The Bank of England hosted three roundtables in late 2025 with regulated firms to understand constraints in AI adoption. Participants expressed support for the PRA's framework but noted significant hurdles in risk management, cross-jurisdictional regulation, and third-party procurement.

Praise for principles-based regulation

Participants from regulated firms across challenger banks, global systemically important banks, and insurers broadly supported the PRA's principles-based regulatory framework for AI.

Supervisory Statement 1/23 on Model Risk Management was specifically highlighted as pragmatic, enabling responsible AI adoption without immediate need for detailed, AI-specific guidance or a dedicated sandbox.

However, second-line risk functions approach AI with caution, potentially delaying deployment.

Firms noted that traditional model risk management, focused on understanding internal workings, is unsustainable for complex generative AI and agentic systems.

The concept of 'human-in-the-loop' is also challenged.

Suggestions included evolving risk management to emphasize testing, monitoring, and setting guardrails around AI system outcomes, with value seen in sharing supervisory observations and industry best practices.

Navigating fragmentation and data hurdles

Firms operating across multiple jurisdictions face increased compliance costs and slowed AI adoption due to fragmented regulatory approaches, citing differences between the UK, US (SR11-7), and EU AI Act.
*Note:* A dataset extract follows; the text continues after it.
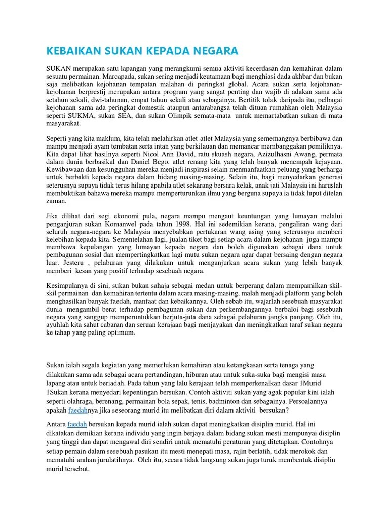 Hal ini demikian kerana, aktiviti sukan mendatangkan faedah yang banyak kepada masyarakat dan negara kita. Bertegur sapa dengan orang di . Bidang sukan merupakan salah satu bidang yang penting di negara kita. Persoalannya apakah faedah jika seseorang murid itu melibatkan diri dalam aktiviti bersukan? Menghidarkan diri daripada terjebak dalam gejala sosial.

This fragmentation prevents scaling AI use cases internationally, prompting calls for global coordination.

Procurement and contract negotiations with third-party AI providers are also hampered by inconsistent familiarity with compliance requirements, suggesting a need for agreed minimum standards.

Data protection laws, including Data Protection Impact Assessments (DPIAs) and emerging data sovereignty regimes, further challenge AI deployment and scaling.

Data quality, particularly in areas like insurance with infrequent customer engagement, also acts as a barrier to advanced AI applications such as hyper-personalised products.

Operationalizing AI demands new thinking

These roundtables underscore a critical paradox: while firms appreciate flexible regulation, the practicalities of AI adoption expose significant operational and cross-border hurdles.

The shift from traditional model validation to outcome-based testing for complex AI systems represents a fundamental, yet necessary, evolution in risk management.

Without greater international coordination and industry-wide standards for third-party providers, the UK financial sector's AI potential will remain constrained.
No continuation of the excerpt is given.